I admit it started out as a pretty bleak project. I’d had a long day and my weak ankle had given up, along with my contact lenses, and I was tired and hungry and dehydrated. I decided I’d focus on all my flaws. I could record myself apologising or saying please and thank you ad nauseam, or I could get mum to say that I’m a lousy admin assistant (which is true, unfortunately). My images, which have remained mostly the same, would revolve around the way I see the world, which isn’t too clearly. As I said, it wasn’t a happy start.

 

Flaws evolved into quirks, thank god, as my mood and blood sugar improved. I realised quirks make up a large portion of my day. The way I see the world is defined by my strange little habits and my bad eyesight along with all my other so-called flaws. This was the second stage of my project, which morphed into my eventual focus on my perception of the world.

 

Ultimately, only the pictures summarising my eyesight and one video of looking up at city buildings lasted out. I eventually came to a theme of existing in the world; a self-portrait with the scenery vividly displayed and the subject left blank.

 

Audio: I catch the train every day and wanted to parallel going out and coming home (which ties into my day-in-the-life text component). I don’t drive so public transport is a huge part of my daily experience and has certainly shaped me into a person who can easily adapt to getting around an unfamiliar city. It’s also a lot of down-time to stare out the window and think about just about everything.

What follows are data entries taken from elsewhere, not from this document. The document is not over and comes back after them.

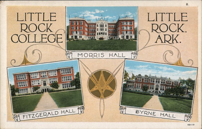 Front: 8. LITTLE ROCK COLLEGE 1 MORRIS HALL LITTLE ROCK. ARK. FITZGERALD HALL BYRNE HALL 89119 Back: PUBLISHED BY JUNGKIND PHOTO SUPPLY CO., LITTLE ROCK, ARK. MY) C. T. AMERICAN ART COLORED. T
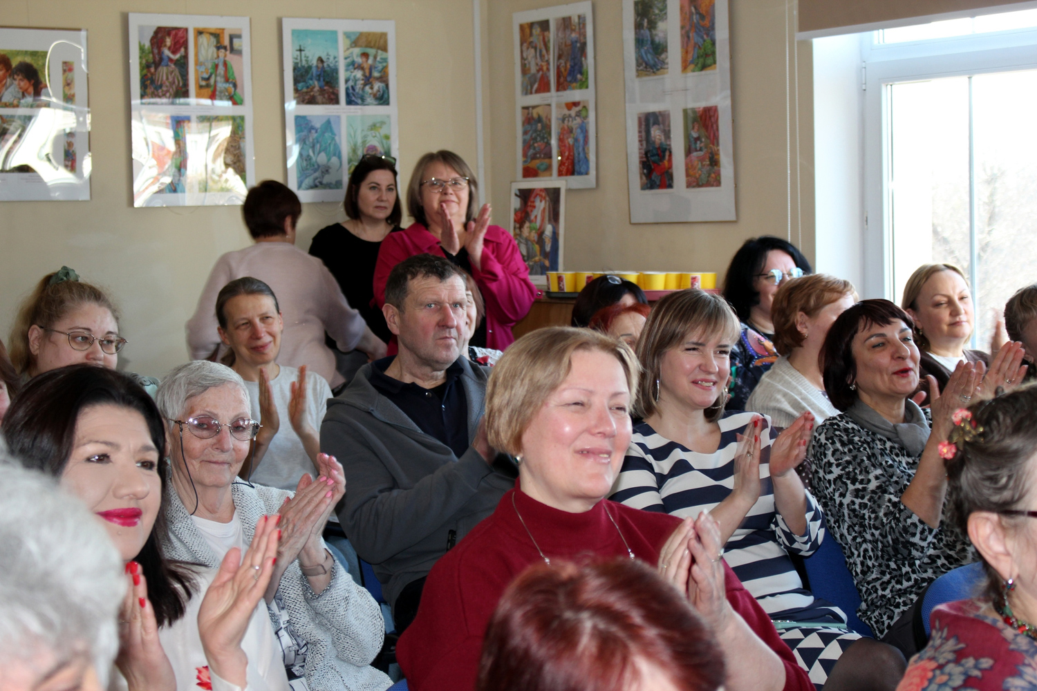 Прекрасная часть коллектива Калининградской областной научной библиотеки получила накануне первого весеннего праздника музыкально-поэтические и сладкие подарки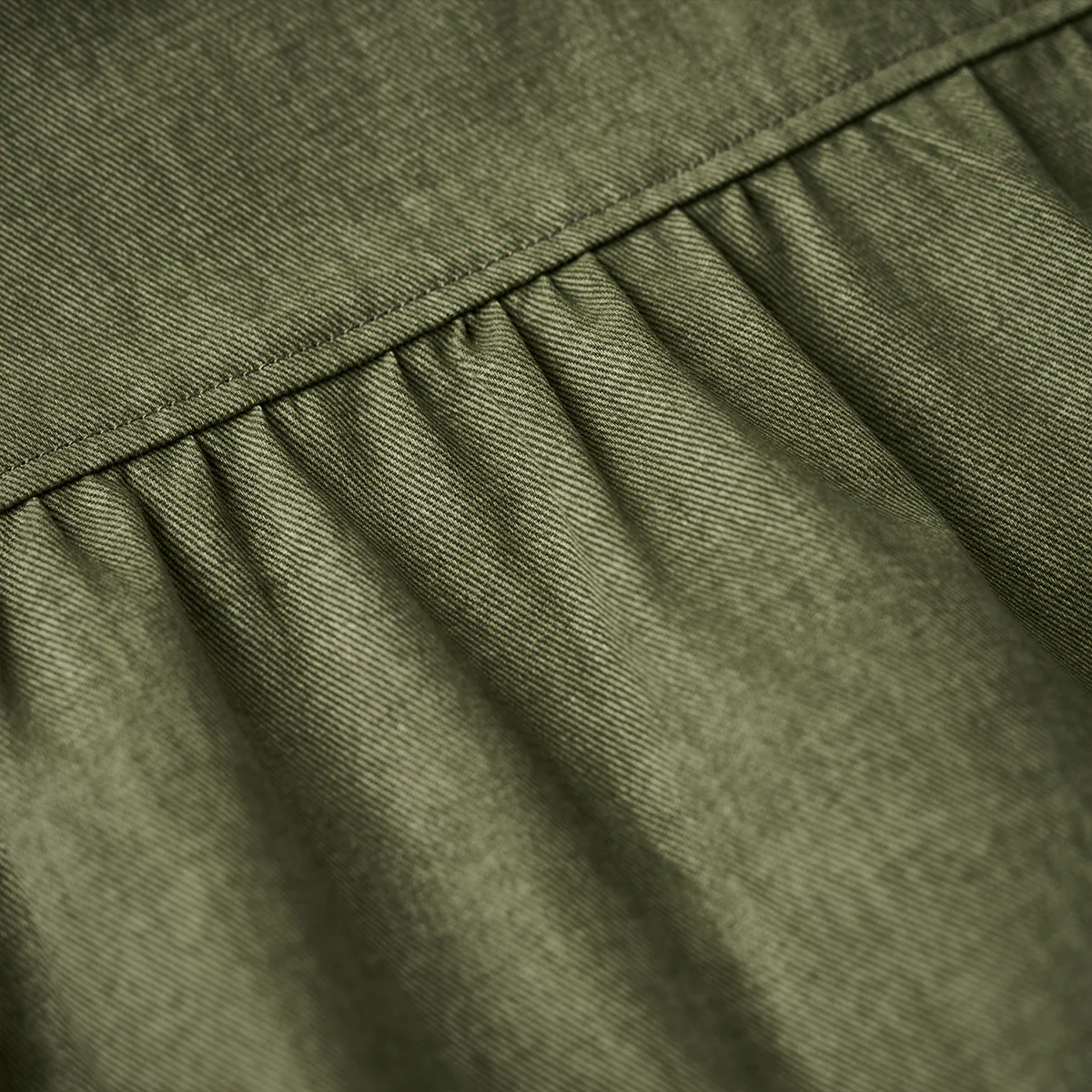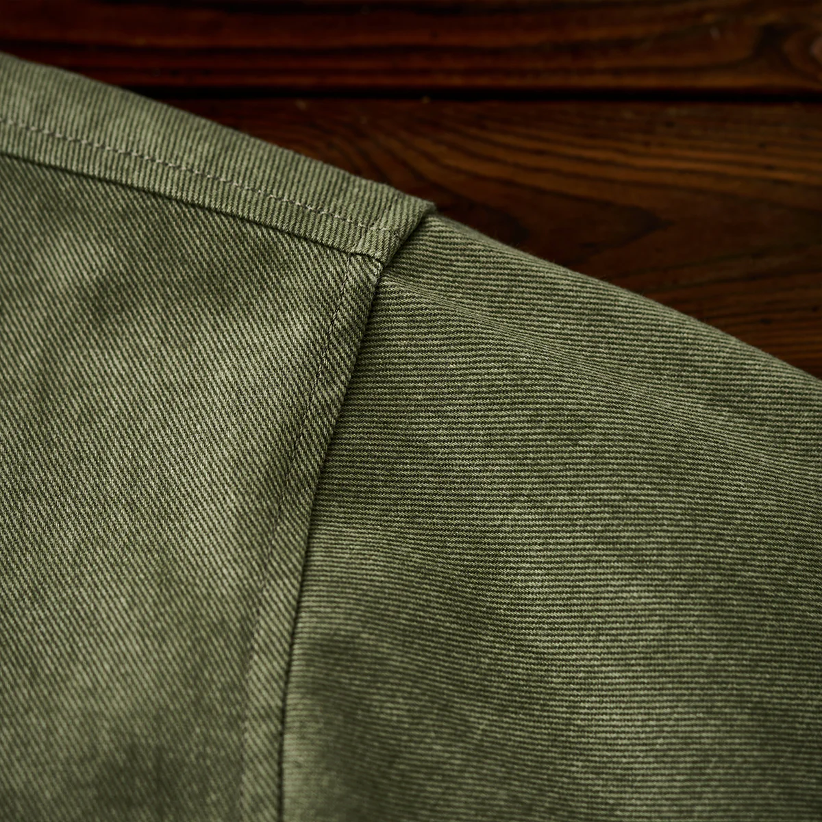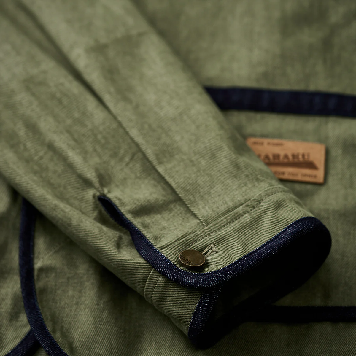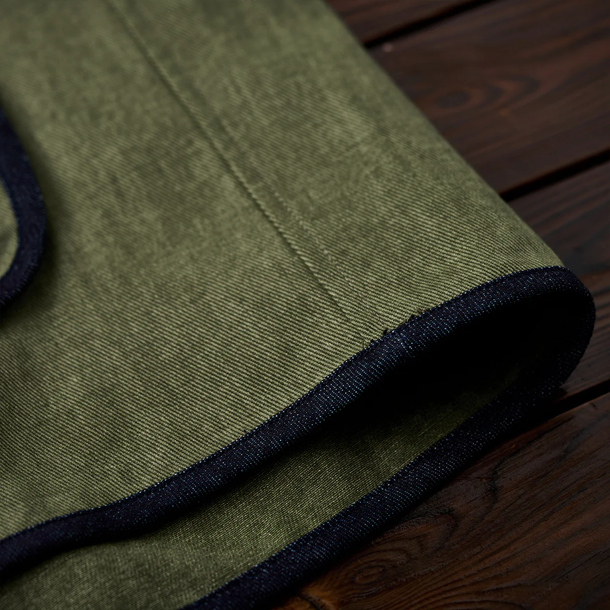 コットン素材は通気性が良く、柔らかい肌触りが特徴。デニムパイピングの硬めの質感が、コットンの柔らかさと対比を生み、全体のデザインを引き締め。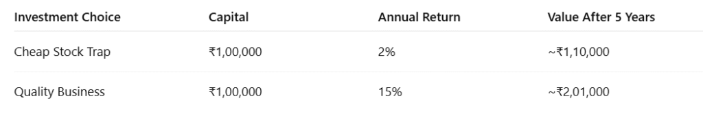 Cheap stocks don’t fail loudly. They fail quietly — through time, opportunity cost, and misplaced patience. Once you start judging businesses instead of prices, the trap loses its power.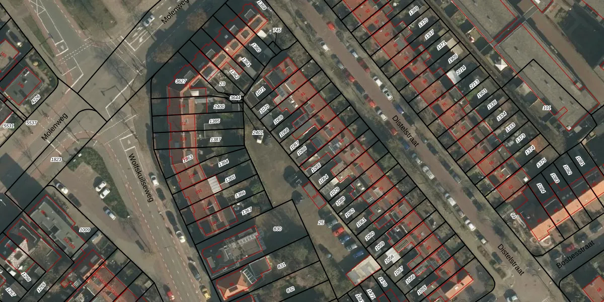 Gebruik de zoekbalk of klik op een perceel om informatie over het perceel te bekijken.
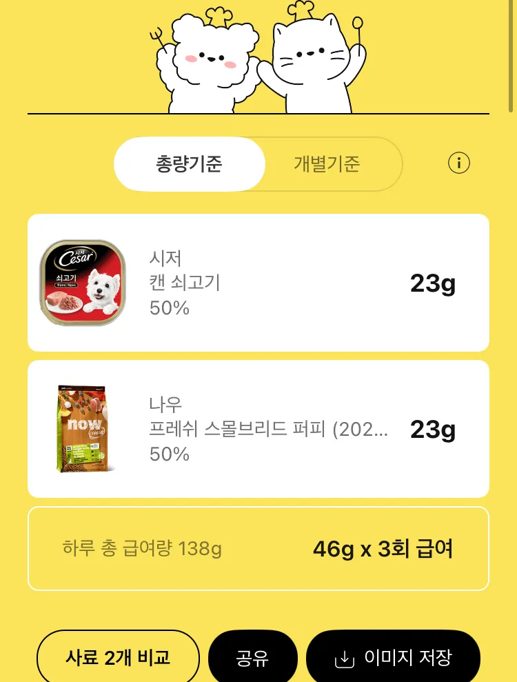 저희 강아지가 토이 푸들인데 지금 몸이 안좋아서 시저 캔에 사료를 섞어서 주고 있었어요 근데 시처 반이랑 사료 섞어서 줘도 되나요?너무 많이 주는것같아서.. 저희 강아지가 4킬로 정도 되는데 앱으로 계산 하면 25g,25g씩 주라고 나오더라고요 그렇게 주는게 맞는거죠? 그리고 급여량은 하루에 3번씩 주고 있어요 몇시간마다 줘야 하나요!!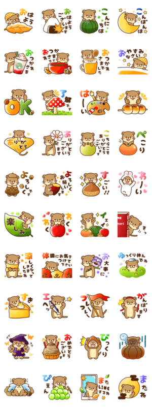 コツメカワウソ♡毎日つかえる秋 水彩ver スタンプ画像一覧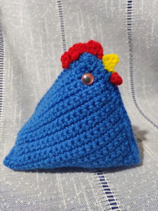 Horgolt tyúk - ragasztott mozgó szemekkel.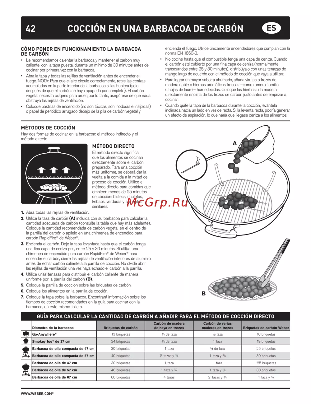 - Инструкции по измерению и добавлению древесного угля при прямом способе приготовления p.78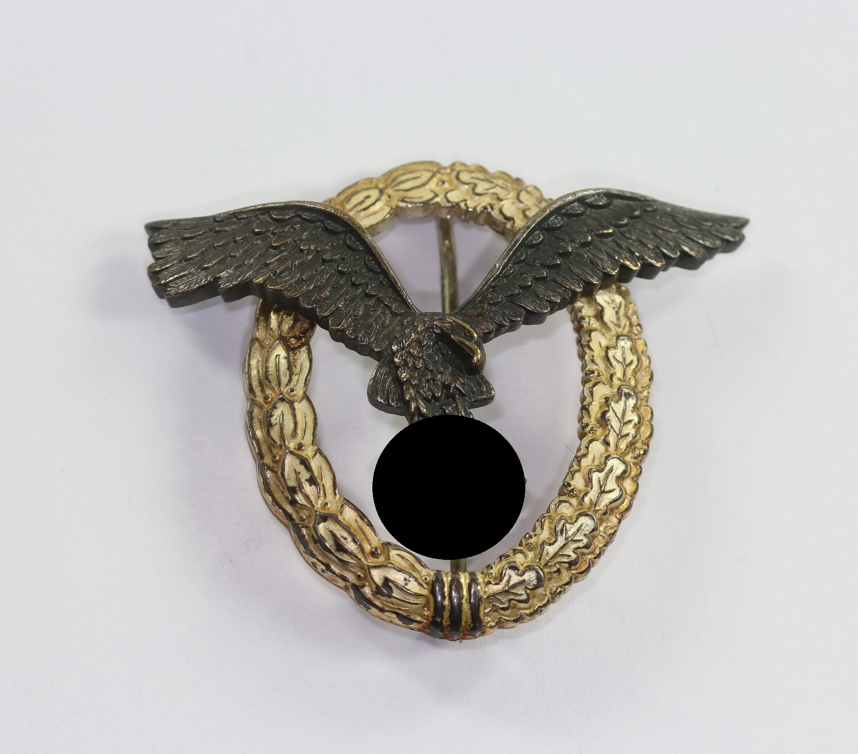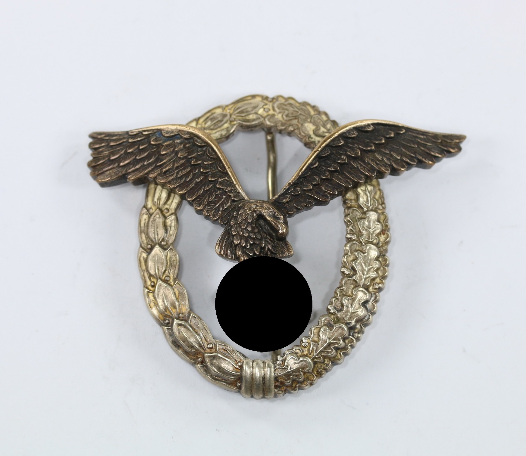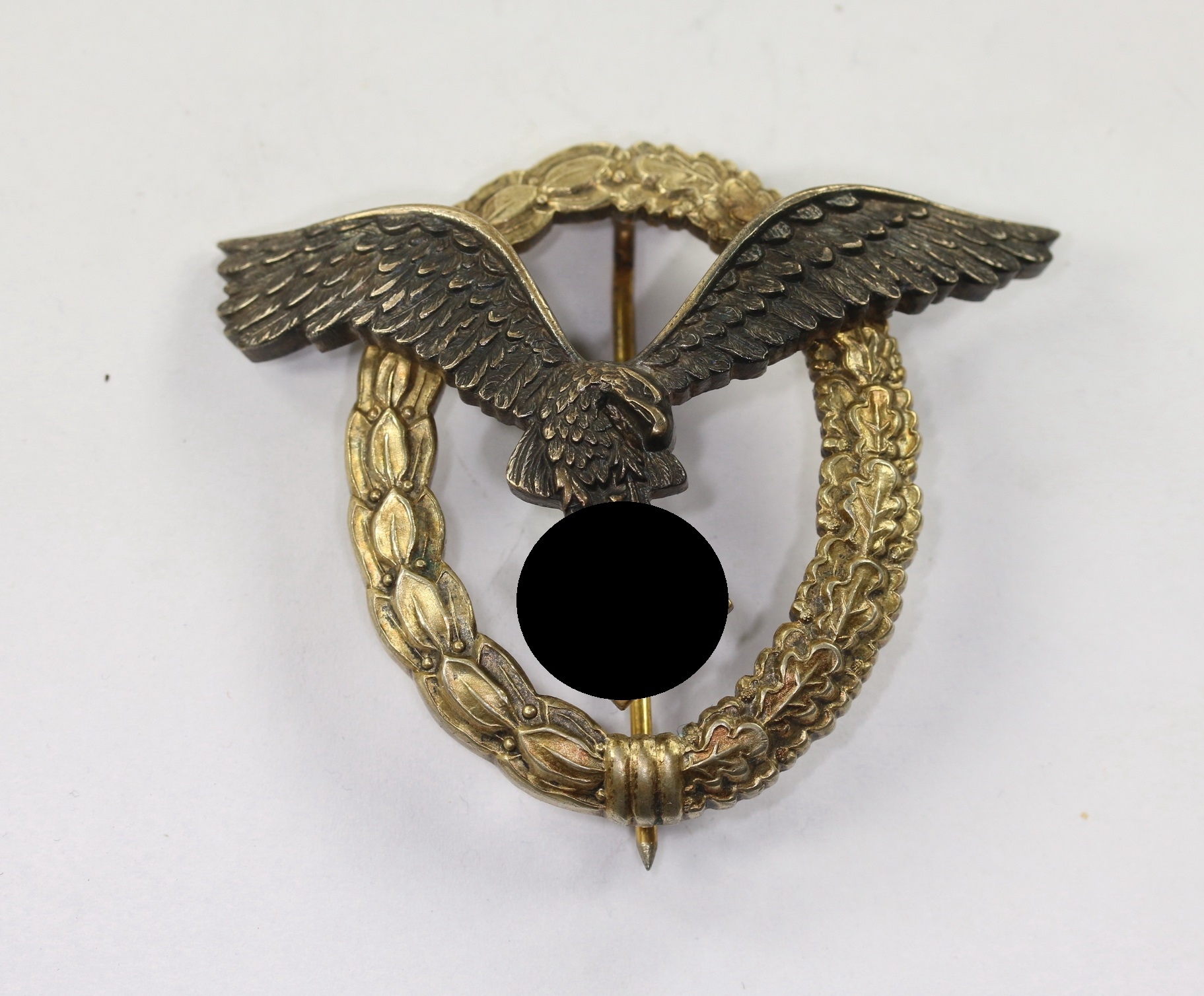Buntmetall, sehr guter, nur leicht getragener Zustand. Der Kranz mit vollständiger Versilberung, der Adler mit vollständiger Tönung. Mit leichter Patina. Mit Hersteller „B&NL“ für die Firma Berg & Nolte, Lüdenscheid. Der Nadelhaken mit zeitgenössischer Reparatur(!).
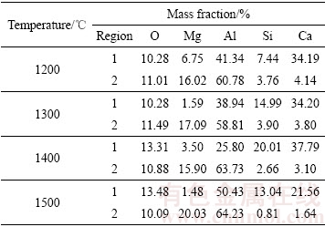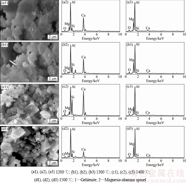 表3 不同烧结温度钙铝黄长石/镁铝尖晶石复相材料中钙铝黄长石和镁铝尖晶石EDS分析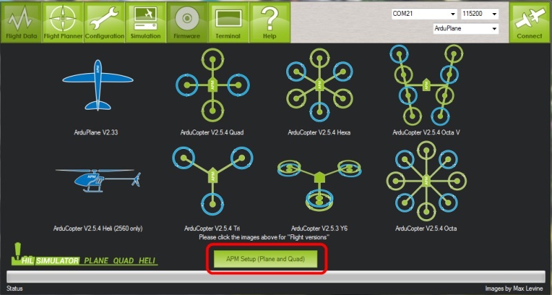 - Anslut din ArduCopter till datorn och öppna Ground Control Software (exempelvis Mission Planner).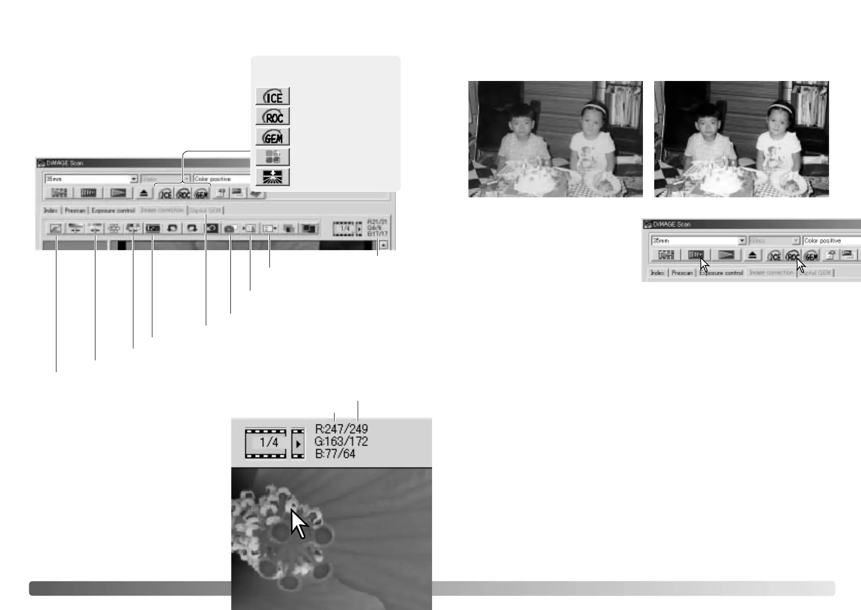 Digital ROC (Reconstruction of Color) can restore the faded color of old film, see page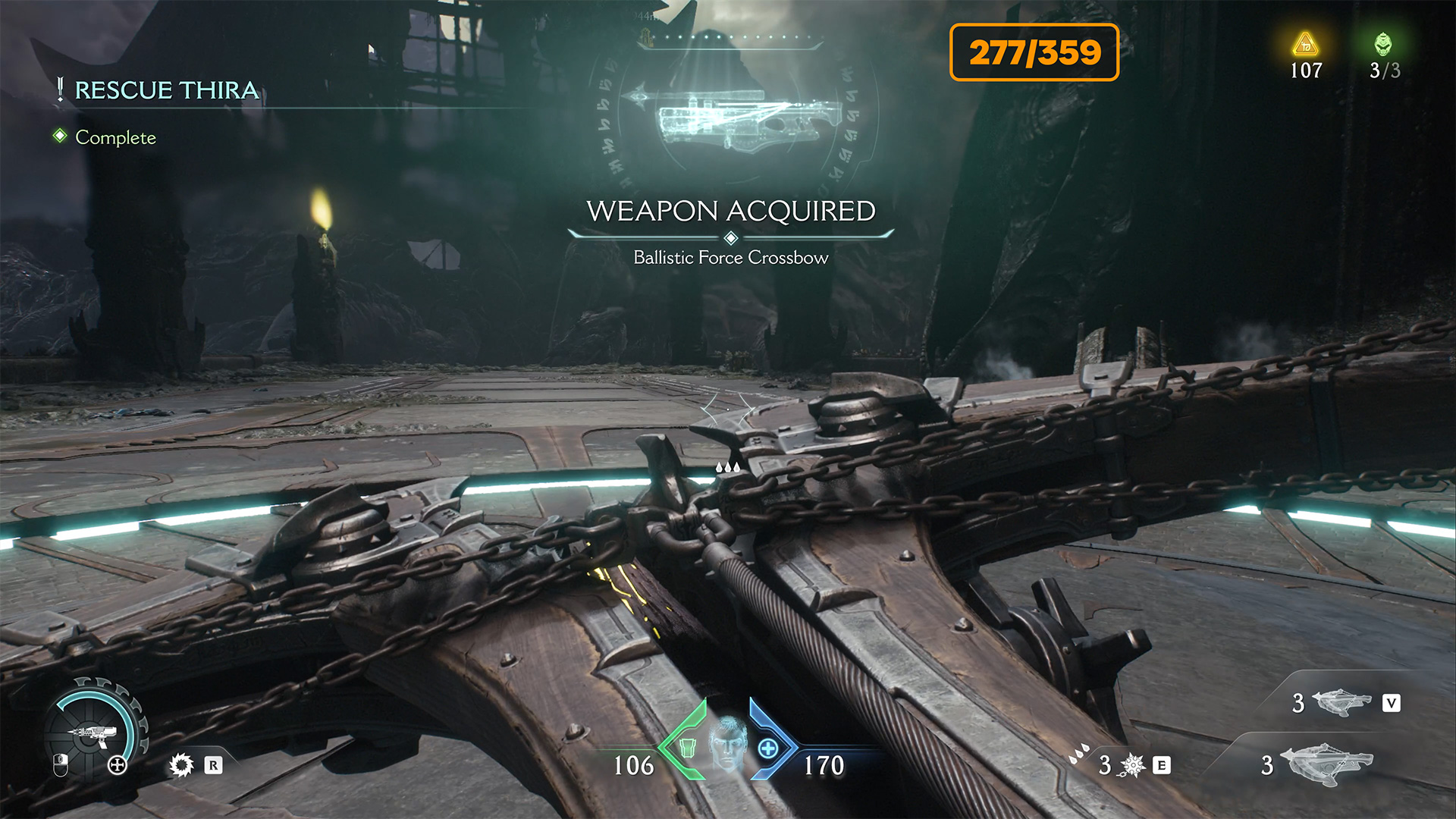 Further along the plot, you will get an extremely powerful weapon. This will be Ballistic Force Crossbow. Use it to destroy enemies and move on through the plot. The elevator will lift you higher. Confused locations await you here, so be careful.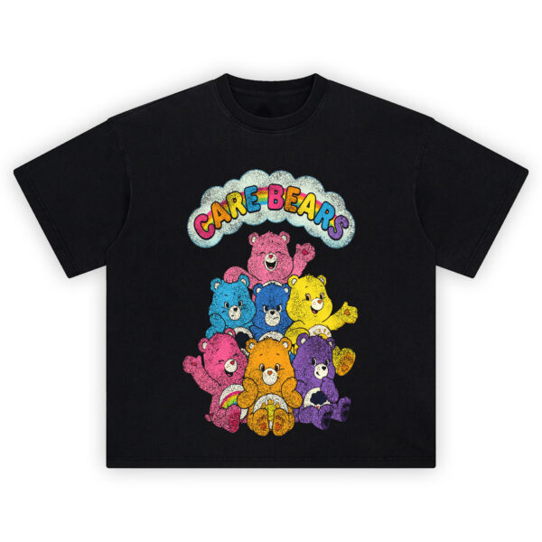 Care Bears Graphic Tee graphic showing an arched “CARE BEARS” rainbow cloud logo above a stacked group of colorful Care Bears with visible belly symbols on a black t-shirt.

Images: My poor eyesight and low depth perception are huge in shaping the way I exist in the world. I’m grateful that most of my problems can be (mostly) rectified by a visit to the optometrist Without a visual aid I’d be (literally) lost. Even with them, having terrible depth perception means I’m constantly bumping into things and tripping over. This constant stream of little embarrassments is incredibly annoying but it’s given me a higher tolerance for humiliation, which is great for karaoke nights.

Video: There’s nothing better than getting your script updated and being able to appreciate every leaf on every tree as something sharp and distinct and beautiful. Not always being able to see the world has given me a deep appreciation of how beautiful it is. I think Melbourne is one of the most beautiful cities in the world and I’m always reminding myself to look up and look out.

Text: There’s a very small part of me that wouldn’t mind staying in bed all day. Getting up and out and really existing in the world is often a challenge — I’m shy, I’m introverted, I’m lazy, whatever label you like. But I’m always glad when I do get out. I wanted to parallel that daily challenge of forcing myself to have a full life, to demonstrate that there’s always a little voice in my head saying, “Nah Ellie, let’s go home and take a nap”. Sometimes I get all the way down the list, some days I get part-way and some days I don’t even start it.